Enter Pågat: one of the last ancient village sites that is still publicly accessible on Guam, listed on the National Register of Historic Places in 1974. Mostly owned by the Chamorro Land Trust, public access to Pågat requires a steep descent down a coastal bluff from a main highway on the island’s northeastern edge. The site includes tangible artefacts of the past life there before the Spanish forcibly removed its inhabitants in a 16th Century campaign notoriously known as reducción.

Dr. Marilyn Salas, Professor of Culture and Education at University of Guam, frequently leads groups of college students to Pågat to show them firsthand the medicinal plants, potsherds, and pillar foundations of ancient houses, known as latte stones, which have became the most recognisable symbol of the island’s pre-colonial heritage.  Regarding the significance of the site as a teaching tool, Salas exclaims:  

“Taking my students to Pågat village is the core and essence of culture and education on Guam. Teaching and learning takes place the moment we step onto the head trail.”

A central feature at Pågat is its deep limestone cave, which contains a cool pool of freshwater and requires a flashlight to enter. In addition to being a great respite from the tropical heat, one can imagine how spiritually significant the cave must have been as the only freshwater source in the area.  It was literally the lifeblood of the village that once thrived there.

Starting in 2009, the National Trust for Historic Preservation in the U.S., in cooperation with We Are Guahan, and the Guam Preservation Trust successfully led an effort to keep Pågat open to the public and free from the nuisance of a complex of firing ranges.
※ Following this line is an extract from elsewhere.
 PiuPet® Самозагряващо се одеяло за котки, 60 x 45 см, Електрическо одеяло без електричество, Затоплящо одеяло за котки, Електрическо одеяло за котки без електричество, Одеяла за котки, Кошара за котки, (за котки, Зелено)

The U.S. military had proposed the training facilities on a nearby bluff which sparked outrage in the community.  Prompted by a court ruling in 2012 in favor of heritage advocates, the military has now pledged to do additional studies, putting the threats to the site on a temporary, and, hopefully, permanent hold.

I had the chance to visit Pågat several times with Joe Quinata, Chief Preservation Officer with the Guam Preservation Trust. Joe promotes heritage education on Guam in classic Chamorro style – with a joyous spirit and infectious enthusiasm for teaching others.  Though western archaeologists have confined the site’s significance to its tangible remains, Joe explains that the site’s significance is much broader, taking into account the traditional cultural practices that take place along the eastern coast of the island. Fishing, hunting, and most importantly medicinal practices occur seasonally in the area. On the hike he points out medicinal plants, significant breadfruit and banyan trees, and remind travellers that respect for the whole cultural environment which supported the survival of the site’s people is necessary to true preservation.
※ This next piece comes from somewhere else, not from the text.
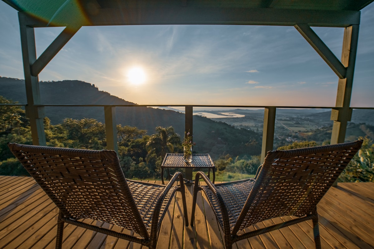 Desfrute do refúgio EXCLUSIVO E PRIVATIVO com ofurô AQUECIDO, em meio à um bosque com VISUAL espetacular do pôr-do-sol na Lagoa Encantada . As suítes possuem ar condicionado, TV e Wi-fi 600MB Ofurô aquecido e com hidromassagem. Quiosque Espaço Gourmet completo. São duas suítes, uma com uma cama de casal e a outra com duas camas de casal, não alugamos separadamente . Próximo da praia e do centrinho. Acesso à Praia por trilha ou escadaria exclusiva, um belo exercício para o corpo e alma.

As is quite common in preservation advocacy, the efforts to “Save Pågat” have resulted in even greater attention to the site’s unique qualities and consciousness for the betterment of Guam’s heritage. It has proven that the protection of tangible places is necessarily intertwined with protecting the intangible – the values that embody the culture we put forward in the present.

USA: Hateful History – The Slave Dwelling Project

The National Trust for Historic Preservation

Many countries interpret their histories through the buildings that they choose to restore and maintain.  The United States, although relatively young, does the same.  Many of the architecturally significant historic buildings still on the American landscape are testaments of a nation with a proud history.  Some of these buildings at some point through their history may have been threatened with demolition for various reasons.  They still exist because someone or some group did what was necessary to save them.  By accident or design, in our attempts to save those architecturally significant buildings we have managed to ignore those buildings that represent a scourge on American history.  Those are the dwellings that housed many generations of enslaved people in northern and southern states.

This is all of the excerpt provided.